Holy shit, CGI has changed the way we look at the world around us. Back in the 70’s if you were waiting for the movie to start and the bucket of popcorn grew eyes and started dancing around the counter top assisted by a reanimated bag of Skittles you’d puke in your hat and call a ventriloquist, a priest, and a burly cop six weeks from retirement to come deal with it. Now we can’t flip through the channels without seeing a seemingly living 2,000 foot robot whipping up a lather in his 17,000 foot shower or a muffin writhing out of some bitch’s grasp as she does a walk-and-talk about menopause being a real pisser. Superman made us believe a man could fly but it wasn’t until The Revenge of the Sith that we could believe that Christopher Lee had both Jedi Powers and Phase-Shift Parkinsons.

CGI is an amazing tool that many filmmakers wield like a digital Mjolnir, creating worlds and creatures that take our breath away. Unfortunately through the years some have used it as a scythe, slashing our dreams and severing that muscle that connects our sexual pleasure organs to the muscle that tells our mind we’re really good at using our sexual pleasure organs. The result is oblivion.

So with that we bring you CHUD’s latest glorious list. The twenty worst instances of CGI in movie history. In no order. Well, except the order we decide to do them.

DAY FOURTEEN
Brought to you by Renn Brown

THE OFFENDER: Let The Right One In (2008)

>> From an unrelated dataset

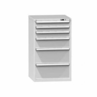Zásuvková skříň je opatřená mechanismem centrálního zamykání a blokace zásuvek. Zásuvky jsou základním skladovacím prvkem, a proto splňují vysoké požadavky na pevnost a stabilitu. Korpusy zásuvkových skříní tvoří svařenec jednotlivých konstrukčních dílů z kvalitních ocelových plechů. Vnitřní konstrukce korpusů je opatřena perforací po 25 mm. Tuto perforaci využíváme k uchycení vodicích lišt zásuvek, jejich výškovému uspořádání a nakonfigurování požadované zásuvkové sestavy. Přestavování vodicích lišt nebo háčků polic probíhá jednoduše a velice rychle bez použití nástrojů.Zásuvkové skříně ZB5, 731 x 753 x 1215 mm

THE SCENE: Ginia, survivor of an interrupted attack from the vampiric Eli, is wandering around town as the thirst for blood settles in. While paying a visit to local weirdo and cat-man Gosta, instead of sucking on a dude, she ends up getting some seriously poorly-rendered pussy. The scene is a not unintentional moment of levity, but the tremendously terrible CGI on the dozen or so cats takes us from laughing with to laughing at the scene.



WHERE IT ALL GOES WRONG:  This is another case of bad CGI happening to a great movie, and may very well be in the running for the highest disparity in the quality ratio of film to effects on this list. That the movie is so quietly beautiful, deliberately paced, and gracefully chilling makes the immediately dated cheapness of the CGI cats that much more disappointing. In fact, these terrible little digital furballs may literally be the only thing keeping this film from reaching true perfection from first frame to last frame.

Aside from a few cut-aways, the cats in the scene are composited in from the start, which includes them swarming and hissing at Ginia before leaping up to attack her. The quicker shots, once they get their piranha on, might have slid past without seeming quite so terrible if we didn’t have plenty of time beforehand to absorb the shitty kitties.


HOW IT COULD  HAVE BEEN DONE PRACTICALLY:  Last I checked these creatures aren’t goddamn dinosaurs or 50′ gorillas- there’s a couple real ones floating around. Frankly there would have been no easy way to accomplish this scene –anyone who’s lived with cats knows they tend to do what they want, when they want– but the lead-up to the attack could have been more convincing and horror films with low-budgets have been faking animal attacks for as long as they’ve been made. Now granted, puppets may not always be the answer.

Scale-up! Enhance!

Just scrounge up some fucking cats or shoot the scene more mysteriously. Can’t we leave the laughably bad, sci-fi channel animal effects to other, shittier vampire movies?

HOW BAD IS IT? I couldn’t track down which effects house managed those shots (you’ll be shocked to learn that neither seemed to have them on their demo reels) but whichever company is responsible animates a cat like Sonny Corleone throws a beating.

IN SUMMATION: Perhaps the scene was too much for the effects budget or schedule…? If that’s the case it should have been scrapped or re-worked. The filmmakers shouldn’t have made the mistake that so many high and low-budget productions have, and simply assumed that the effects house can make something work in post– certainly not when the value of an entire scene relies on it. The misjudgment of the cat attack takes a moment of dark comedy and turns it into a laughable stain on a virtually flawless film.